ObjectiveThe objective of this study was to identify the extent to which artificial intelligence could be used in the diagnosis of Parkinson's disease from ioflupane-123 (I-123) single-photon emission computed tomography (SPECT) dopamine transporter scans using transfer learning.Materials and methodsA data set of 54 normal and 54 abnormal I-123 SPECT scans was amplified 44-fold using a process of image augmentation. This resulted in a training set of 2376 normal and 2376 abnormal images. This was used to retrain the top layer of the Inception v3 network. The resulting neural network functioned as a classifier for new I-123 SPECT scans as either normal or abnormal. A completely separate set of 45 I-123 SPECT scans were used for final testing of the network.ResultsThe area under the receiver-operator curve in final testing was 0.87. This corresponded to a test sensitivity of 96.3%, a specificity of 66.7%, a positive predictive value of 81.3% and a negative predictive value of 92.3%, using an optimum diagnostic threshold.ConclusionThis study has provided proof of concept for the use of transfer learning, from convolutional neural networks pretrained on nonmedical images, for the interpretation of I-123 SPECT scans. This has been shown to be possible in this study even with a very small sample size. This technique is likely to be applicable to many areas of diagnostic imaging.

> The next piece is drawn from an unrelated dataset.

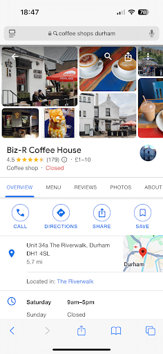 Durham today was really busy and all the coffee shops were heavingā¦. Maybe Biz-R donāt need the custom and if thatās the case good luck to you but I would have thought thatās not the case and to turn customers away 20 mins prior to closing on a lovely Saturday afternoon on the lead up to the colder months when I would imagine custom is slower - to me was crazy.

机译:本研究的目标是确定人工智能可用于从Ioflupane-123(I-123)单光子发射计算断层摄影(SPECT)多巴胺转运蛋白转移扫描的人工智能在帕金森病的诊断方面用于使用转移学习。方法使用图像增强的过程放大44倍的54正常和54个异常I-123 SPECT扫描的数据集。这导致了2376个正常和2376个异常图像的训练集。这用于重新培训成立V3网络的顶层。由此产生的神经网络用作新I-123 SPECT扫描的分类器,扫描正常或异常。完全独立的45 I-123 SPECT扫描用于网络的最终测试。最终测试中的接收器操作员曲线下的遗传区域为0.87。这相当于测试敏感性为96.3%,特异性为66.7%,阳性预测值81.3%,负面预测值为92.3%,使用最佳的诊断阈值。结论本研究提供了使用转移的概念证明从非医疗图像上掠过的卷积神经网络来说,学习,用于解释I-123 SPECT扫描。在这项研究中,这也是可能的,即使具有非常小的样本大小。这种技术可能适用于许多诊断成像领域。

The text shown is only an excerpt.